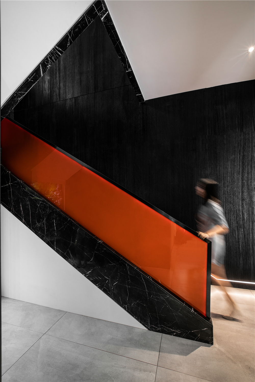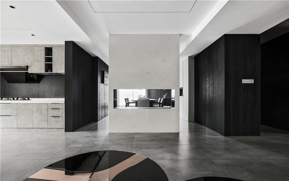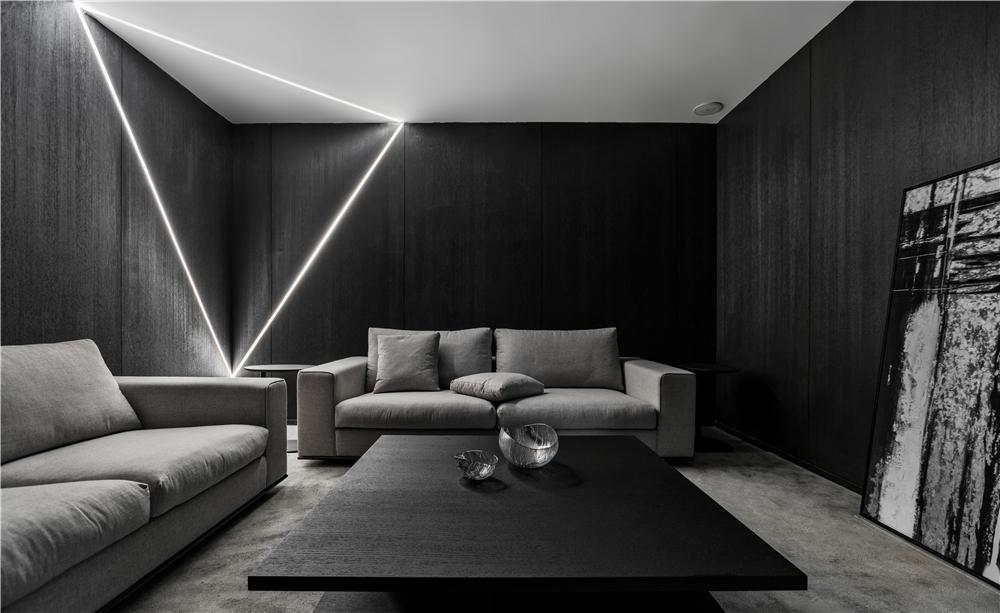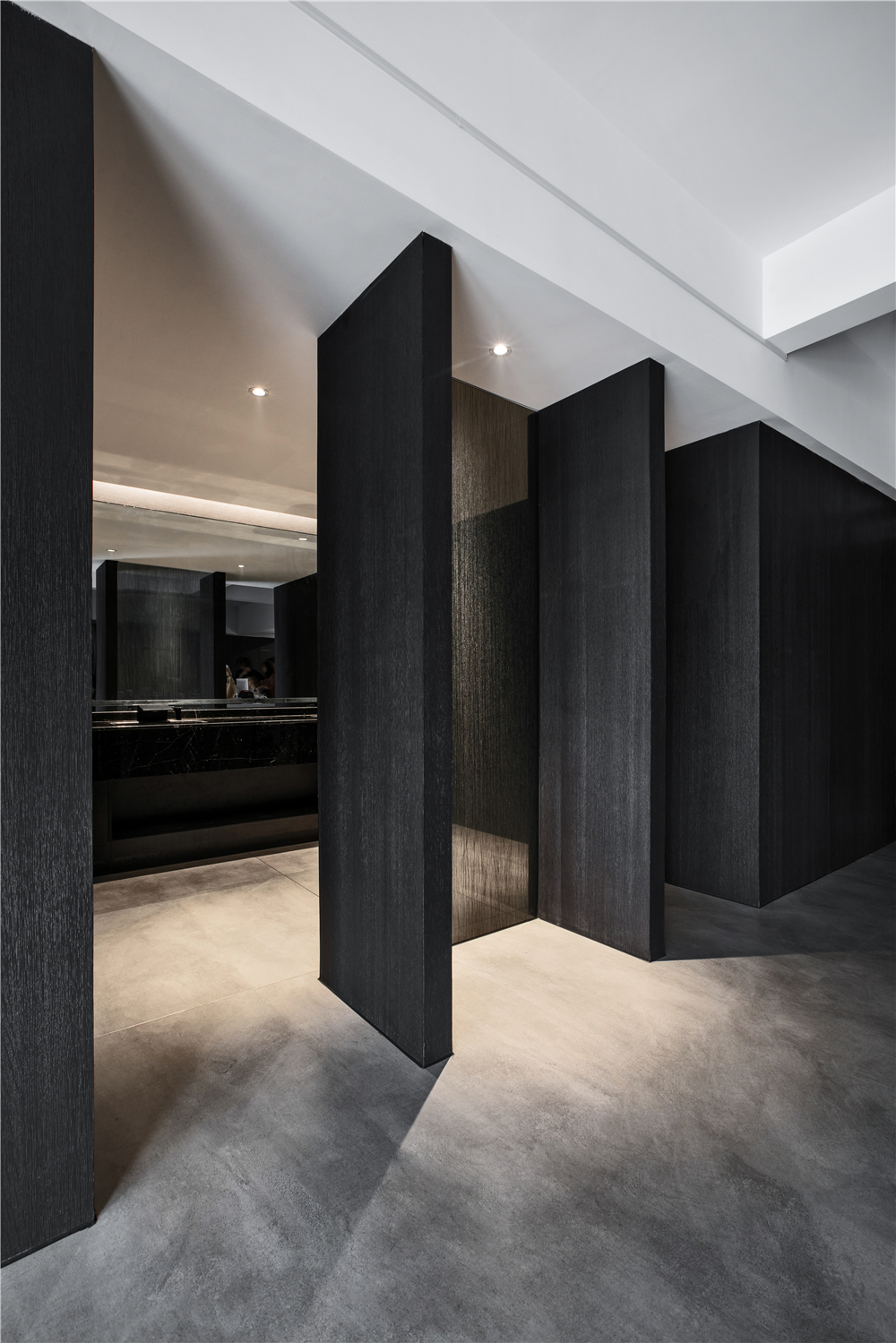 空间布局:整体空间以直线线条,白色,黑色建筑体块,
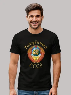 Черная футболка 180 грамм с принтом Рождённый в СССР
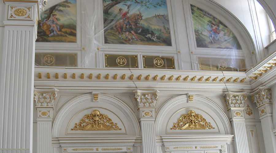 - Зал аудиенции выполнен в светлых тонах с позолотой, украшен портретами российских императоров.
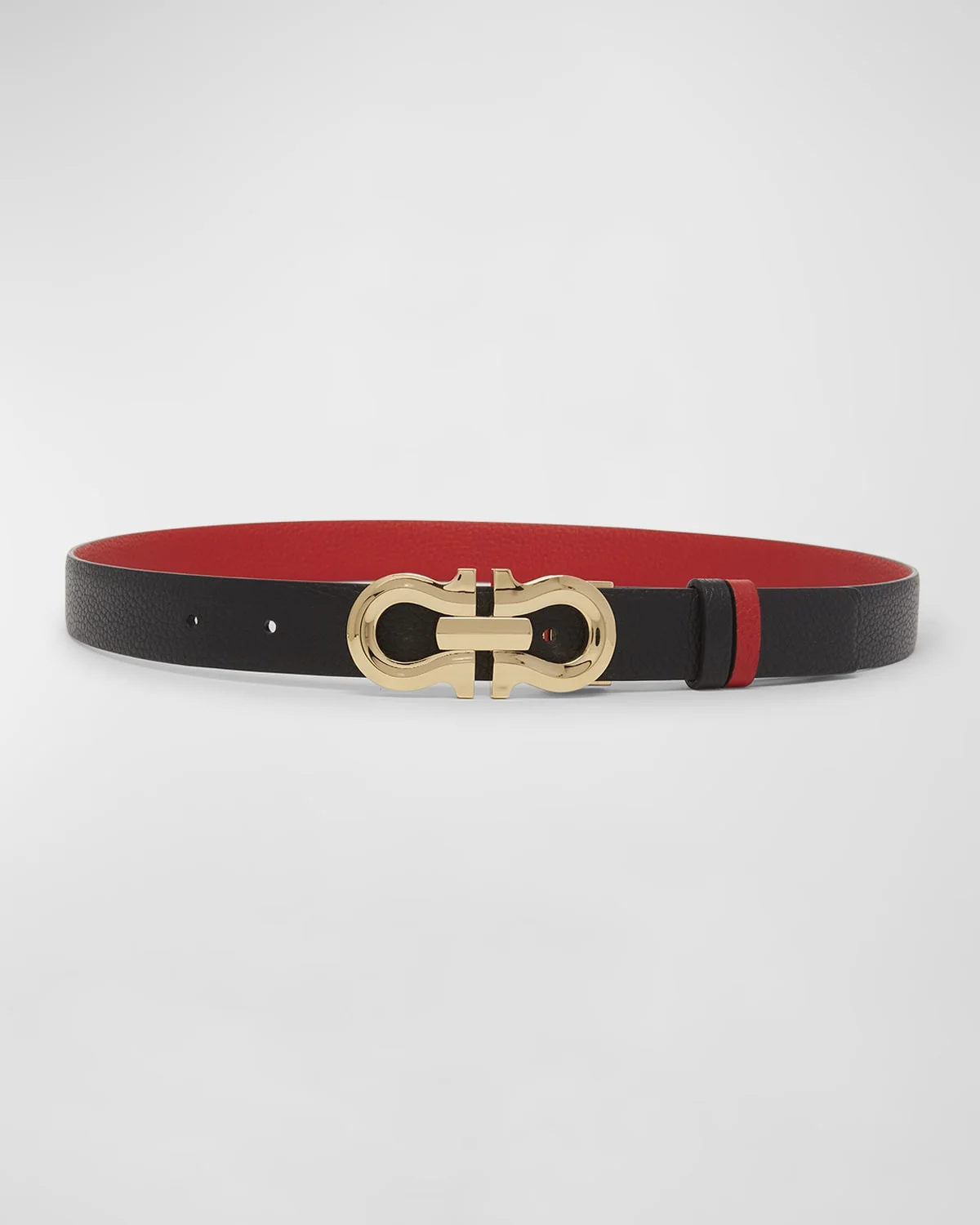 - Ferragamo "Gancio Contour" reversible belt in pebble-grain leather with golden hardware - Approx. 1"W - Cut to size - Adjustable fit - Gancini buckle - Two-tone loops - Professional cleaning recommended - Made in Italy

◆ TASK DESCRIPTION:
A verbatim copy of the data, free of pictures, is the expected answer.

◆ RESPONSE TO THIS TASK:
 空间布局:整体空间以直线线条,白色,黑色建筑体块,
 Черная футболка 180 грамм с принтом Рождённый в СССР
 - Зал аудиенции выполнен в светлых тонах с позолотой, украшен портретами российских императоров.
 - Ferragamo "Gancio Contour" reversible belt in pebble-grain leather with golden hardware - Approx. 1"W - Cut to size - Adjustable fit - Gancini buckle - Two-tone loops - Professional cleaning recommended - Made in Italy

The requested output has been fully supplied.